As you can see, even the formula requires a bit of work to determine the number of RCMs with binary entries! The below program implements the formula in an attempt to make calculation simpler. Feel free to verify that the results from this program matches that of the above.

import java.math.BigInteger;
import java.text.DecimalFormat;
import java.text.NumberFormat;

public class RowCanonicalFormCount {
	public static void main(String...args) {
		NumberFormat format = DecimalFormat.getNumberInstance();
		for(int i = 1; i <= 50; System.out.println(i + "\t" + format.format(f(i++))));
	}
	
	private static BigInteger f(int n) {
		BigInteger sum = BigInteger.ZERO;
		for(int m = 0; m <= n; m++) {
			BigInteger num = BigInteger.ONE, den = BigInteger.ONE;
			for(int r = 0; r <= (m - 1); r++) {
				num = num.multiply(BigInteger.ONE.subtract(BigInteger.valueOf(2).pow(n-r)));
			}
			for(int r = 1; r <= m; r++) {
				den = den.multiply(BigInteger.ONE.subtract(BigInteger.valueOf(2).pow(r)));
			}
			sum = sum.add(num.divide(den));
		}
		return sum;
	}	
}

Non-Binary Entries

What about RCMs with non-binary entries? The table below contains the valid RCM permutation counts for the number of allowed digits (q=2 means {0, 1}, q=3 means {0, 1, 2}, ...).
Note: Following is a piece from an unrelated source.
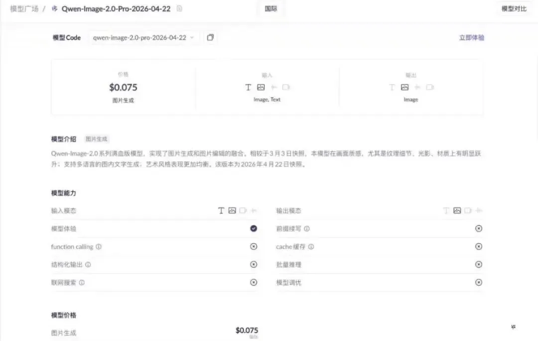 阿里云于 4 月 27 日在百炼平台正式上线 Qwen-Image-2.0-Pro,作为 Qwen-Image-2.0 系列的「满血版」模型,它针对 AI 生图领域的多个痛点完成针对性升级,为用户带来更高效、优质的图像创作体验。Qwen-Image-2.0-Pro 在画面质感上实现了明显跃升,尤其在纹理细节、光影层次和材质表现上的优化最为突出。无论是金属表面的冷冽光泽、织物纤维的细腻纹路,还是自然场景中光影的渐变过渡,都能呈现出更贴近真实世界的视觉效果,满足用户对高精度图像的创作需求。以往用户进行图像创作时,往往需要在文生图工具和图像编辑工具之间来回切换,操作流程繁琐且效率低下。Qwen-Image-2.0-Pro 打破了这一局限,将文生图与图像编辑整合进同一框架,用户只需通过自然语言指令,就能直接对图片中的物体、文字、风格等元素进行修改。

These values are generated by the code below the table, a modified version of the code at the top of this page, which for each "free" entry (doesn't have to be zero or one for the matrix to remain an RCM matrix) accounts for all possible values.

nxn	q=2	q=3	q=4	q=5	q=6
1x1	2	2	2	2	2
2x2	5	6	7	8	9
3x3	16	28	44	64	88
4x4	67	212	529	1,120	2,111
5x5	374	2,664	12,278	42,176	118,182
6x6	2,825	56,632	565,723	3,583,232	16,649,389
7x7	29,212	2,052,656	5,1409,856	666,124,288	5,547,079,988
8x8	417,199	127,902,864	9,371,059,621	281,268,665,344	4,671,840,869,691

public class RowCanonicalFormNonBinary {
	// The number of int values allowed (including 0 and 1)
	// 2 = binary entries {0, 1}
	// 3 = entries of possible values {0,1,2} (so long as the leading non-zero entry in a row is 1)
	// 4 = {0,1,2,3}
	// ...
	private static final long Q = 4;
	
	public static void main(String...args) {
		for(int n = 1; n < 10; System.out.println(n + "x" + n + ": " + populate(new boolean[n][n++], 0, 0)));
	}
	
	private static long populate(boolean[][] matrix, int i, int j) {
		if (!isRowCanonicalForm(matrix)) return 0;
		if (j == matrix.length) {i++; j = 0;}
		if (i == matrix.length) return pow(Q-1, getVariableEntriesCount(matrix));
		return populate(matrix, true, i, j) + populate(matrix, false, i, j);
	}
	
	private static long populate(boolean[][] matrix, boolean value, int i, int j) {
		matrix[i][j] = value;
		return populate(matrix, i, j+1);
	}

	private static boolean isRowCanonicalForm(boolean[][] matrix) {
		long minZeroRow = Integer.MAX_VALUE, maxNonZeroRow = 0;
		Integer pivot = null, lastPivot = null;
		for(int i = 0; i < matrix.length; i++) {
			pivot = null;
			for(int j = 0; j < matrix.length; j++) {
				if (matrix[i][j]) {
					if (i >= 1 && (((lastPivot==null)?Integer.MAX_VALUE-1:lastPivot) >= j)) return false;
					for(int i2 = 0; i2 < matrix.length; i2++) if ((i2 != i) && matrix[i2][j]) return false;
					pivot = j;
					maxNonZeroRow = i;
					break;
				}
			}
			minZeroRow = (pivot == null)?Math.min(minZeroRow, i):minZeroRow;
			if (maxNonZeroRow > minZeroRow) return false;
			lastPivot = pivot;
		}
		return true;
	}
	
	private static long pow(long b, long p) {
		long r = 1;
		for(long i = 1; i <= p; i++) {
			r *= b;
		}
		return r;
	}
	
	private static long getVariableEntriesCount(boolean[][] matrix) {
		long count = 0;
		for(int i = 0; i < matrix.length; i++) {
			boolean found = false;
			for(int j = 0; j < matrix.length; j++) {
				if (matrix[i][j]) {
					if (found) count++;
					found = true;
				}
			}
		}
		return count;
	}
}

Unsurprisingly, the values are equivalent to the summation of Gaussian binomial coeffecients with the specified q-number, with the same formulation as the original formula, with the "2" replaced by the q-number you are working with. You can verify this by replacing the line "BigInteger.valueOf(2)" in the second code sample with "BigInteger.valueOf(q)", where q represents the q-number.